Kmeans

This documentation is for an unreleased version of Apache Flink Machine Learning Library. We recommend you use the latest stable version.

K-means #

K-means is a commonly-used clustering algorithm. It groups given data points into a predefined number of clusters.

Input Columns #

Param name	Type	Default	Description
featuresCol	Vector	`"features"`	Feature vector.

Output Columns #

Param name	Type	Default	Description
predictionCol	Integer	`"prediction"`	Predicted cluster center.

Parameters #

Below are the parameters required by KMeansModel.

Key	Default	Type	Required	Description
distanceMeasure	`euclidean`	String	no	Distance measure. Supported values: `'euclidean', 'manhattan', 'cosine'`.
featuresCol	`"features"`	String	no	Features column name.
predictionCol	`"prediction"`	String	no	Prediction column name.
k	`2`	Integer	no	The max number of clusters to create.

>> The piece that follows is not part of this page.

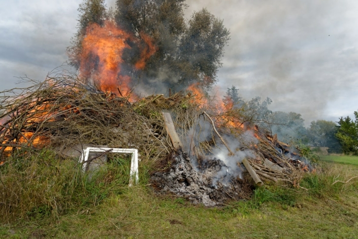 Zu Ostern 2019 war ein großes Osterfeuer geplant. Holz wurde auf dem Wegeziner Bolzplatz angeliefert. Manches gewollt und anderes wohl notgedrungen. Der Holzhaufen wurde von Tag zu Tag größer! Und dann kam Corona! 2 Jahre lang hatte das Holz nun Zeit sich für den großen Tag vorzubereiten.

KMeans needs parameters above and also below.

Key	Default	Type	Required	Description
initMode	`"random"`	String	no	The initialization algorithm. Supported options: ‘random’.
seed	`null`	Long	no	The random seed.
maxIter	`20`	Integer	no	Maximum number of iterations.

Examples #

Java

import org.apache.flink.ml.clustering.kmeans.KMeans;
import org.apache.flink.ml.clustering.kmeans.KMeansModel;
import org.apache.flink.ml.linalg.DenseVector;
import org.apache.flink.ml.linalg.Vectors;
import org.apache.flink.streaming.api.datastream.DataStream;
import org.apache.flink.streaming.api.environment.StreamExecutionEnvironment;
import org.apache.flink.table.api.Table;
import org.apache.flink.table.api.bridge.java.StreamTableEnvironment;
import org.apache.flink.types.Row;
import org.apache.flink.util.CloseableIterator;

/** Simple program that trains a KMeans model and uses it for clustering. */
public class KMeansExample {
    public static void main(String[] args) {
        StreamExecutionEnvironment env = StreamExecutionEnvironment.getExecutionEnvironment();
        StreamTableEnvironment tEnv = StreamTableEnvironment.create(env);

        // Generates input data.
        DataStream<DenseVector> inputStream =
                env.fromElements(
                        Vectors.dense(0.0, 0.0),
                        Vectors.dense(0.0, 0.3),
                        Vectors.dense(0.3, 0.0),
                        Vectors.dense(9.0, 0.0),
                        Vectors.dense(9.0, 0.6),
                        Vectors.dense(9.6, 0.0));
        Table inputTable = tEnv.fromDataStream(inputStream).as("features");

        // Creates a K-means object and initializes its parameters.
        KMeans kmeans = new KMeans().setK(2).setSeed(1L);

        // Trains the K-means Model.
        KMeansModel kmeansModel = kmeans.fit(inputTable);

        // Uses the K-means Model for predictions.
        Table outputTable = kmeansModel.transform(inputTable)[0];

        // Extracts and displays the results.
        for (CloseableIterator<Row> it = outputTable.execute().collect(); it.hasNext(); ) {
            Row row = it.next();
            DenseVector features = (DenseVector) row.getField(kmeans.getFeaturesCol());
            int clusterId = (Integer) row.getField(kmeans.getPredictionCol());
            System.out.printf("Features: %s \tCluster ID: %s\n", features, clusterId);
        }
    }
}

Python

# Simple program that trains a KMeans model and uses it for clustering.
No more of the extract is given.